Problem details:
Without the pictures, can you quote each line below exactly?

Supplied material:
..............................

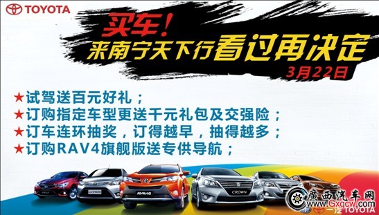 3月春季特惠又將掀起又一波狂潮,3月22日,南寧天下行豐田為您全新推出購車特惠季,來南寧天下行豐田不僅能享受到前所未有的購車特惠,還將享受到不一樣的過車樂趣!因此,買豐田,來南寧天下行豐田看過再?zèng)Q定!絕對(duì)讓您不虛此行,絕對(duì)讓您乘興而來,滿意而歸!
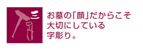 近頃は技術継承の難しさや、 安易な発想のコスト削減から、 コンピュータ彫りによる墓石・ 記念碑が増えてきています。 しかし『佐久間石材』では文字 の持つ強弱を表せる「手彫り」 にこだわりを持って制作をし ております。「顔」である文字 を通して感謝の気持ちや、想 いが伝わるように-。
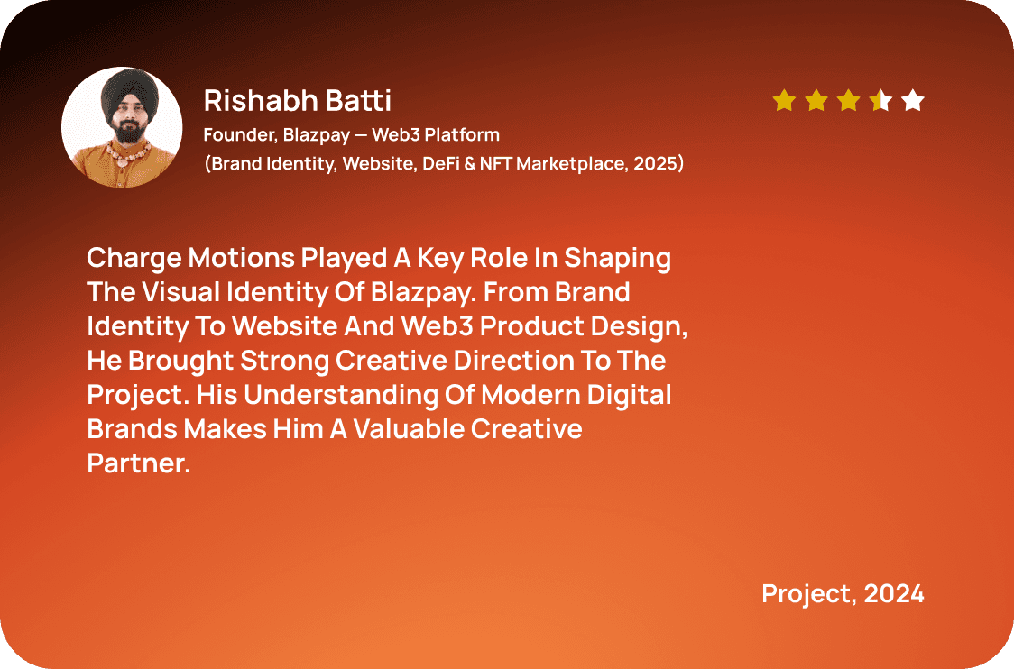 Charge Motions specializes in motion design, logo animation, brand identity, and digital brand experiences for startups, Web3 companies, and modern brands.
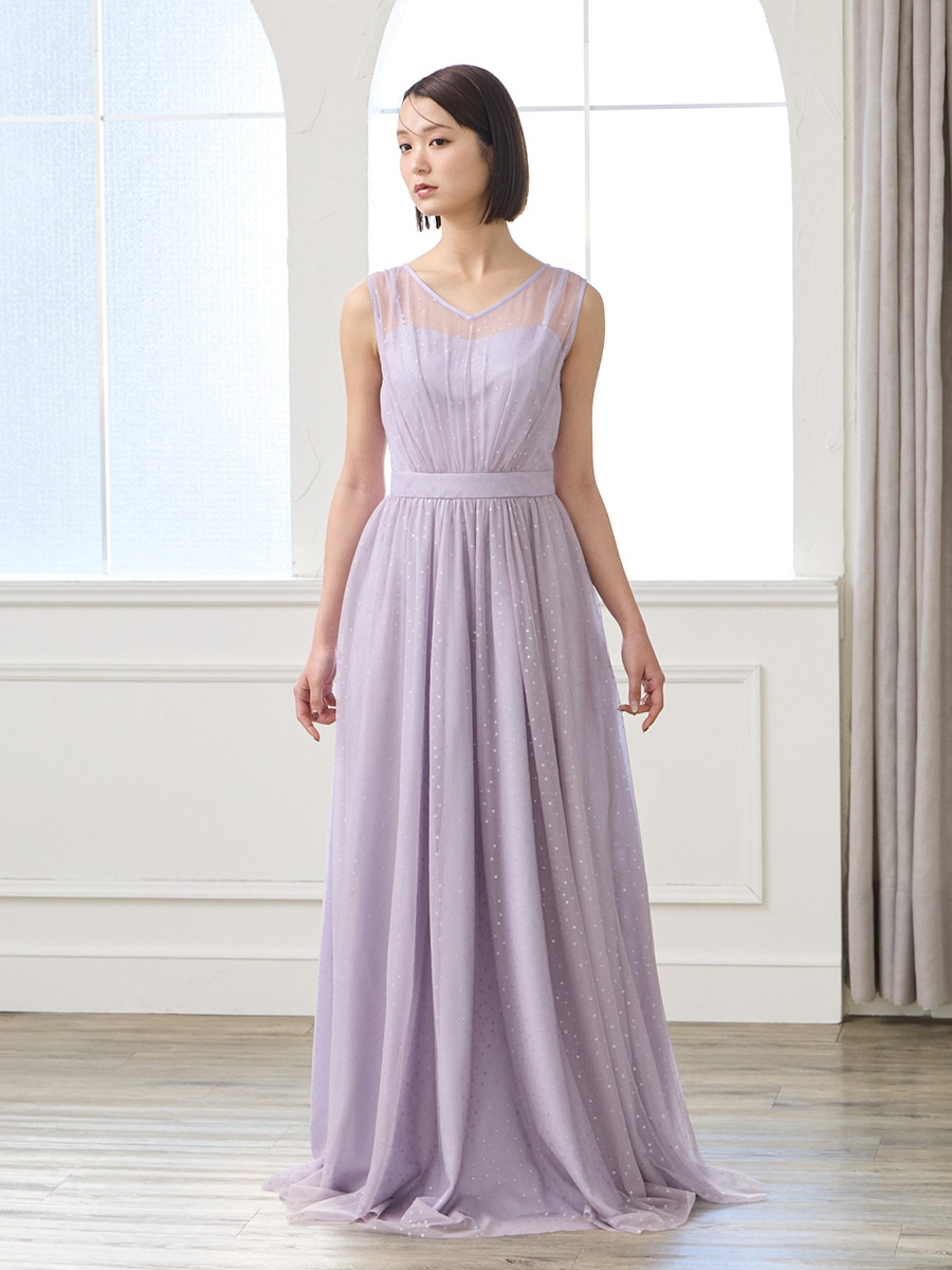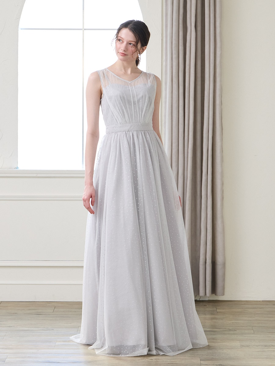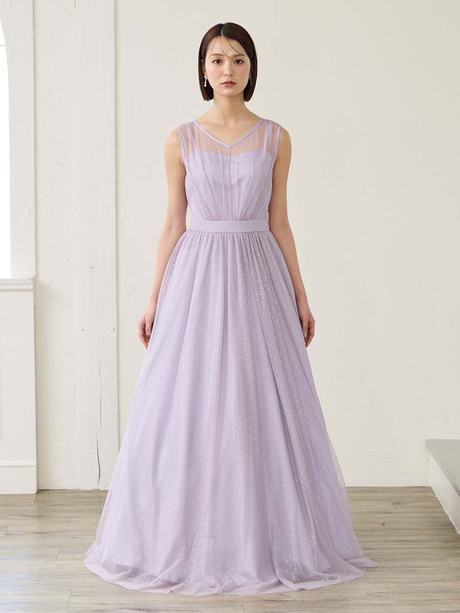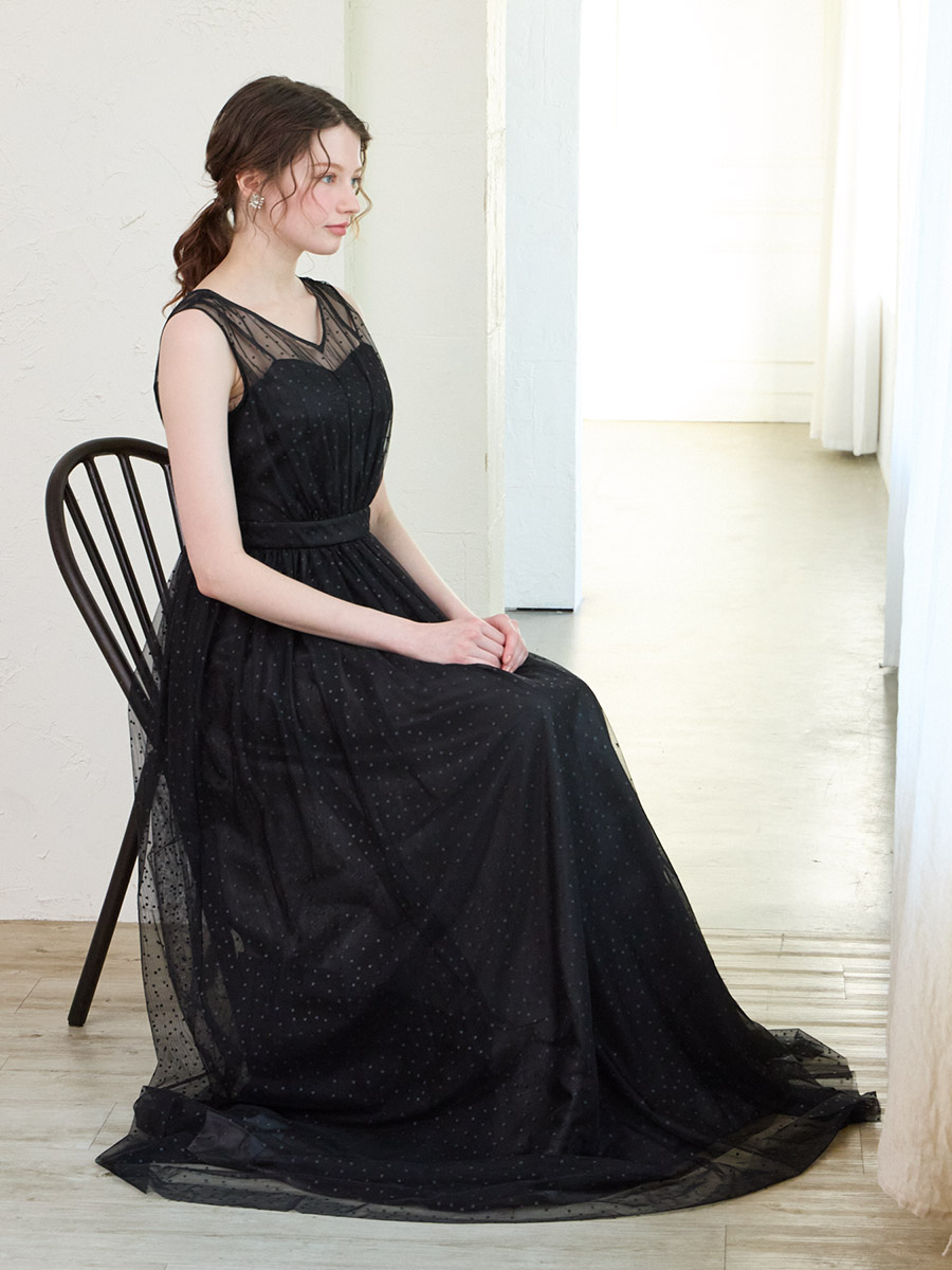 グリッタードットチュールロングドレス

..............................

Response to this task:
 3月春季特惠又將掀起又一波狂潮,3月22日,南寧天下行豐田為您全新推出購車特惠季,來南寧天下行豐田不僅能享受到前所未有的購車特惠,還將享受到不一樣的過車樂趣!因此,買豐田,來南寧天下行豐田看過再?zèng)Q定!絕對(duì)讓您不虛此行,絕對(duì)讓您乘興而來,滿意而歸!
 近頃は技術継承の難しさや、 安易な発想のコスト削減から、 コンピュータ彫りによる墓石・ 記念碑が増えてきています。 しかし『佐久間石材』では文字 の持つ強弱を表せる「手彫り」 にこだわりを持って制作をし ております。「顔」である文字 を通して感謝の気持ちや、想 いが伝わるように-。
 Charge Motions specializes in motion design, logo animation, brand identity, and digital brand experiences for startups, Web3 companies, and modern brands.
 グリッタードットチュールロングドレス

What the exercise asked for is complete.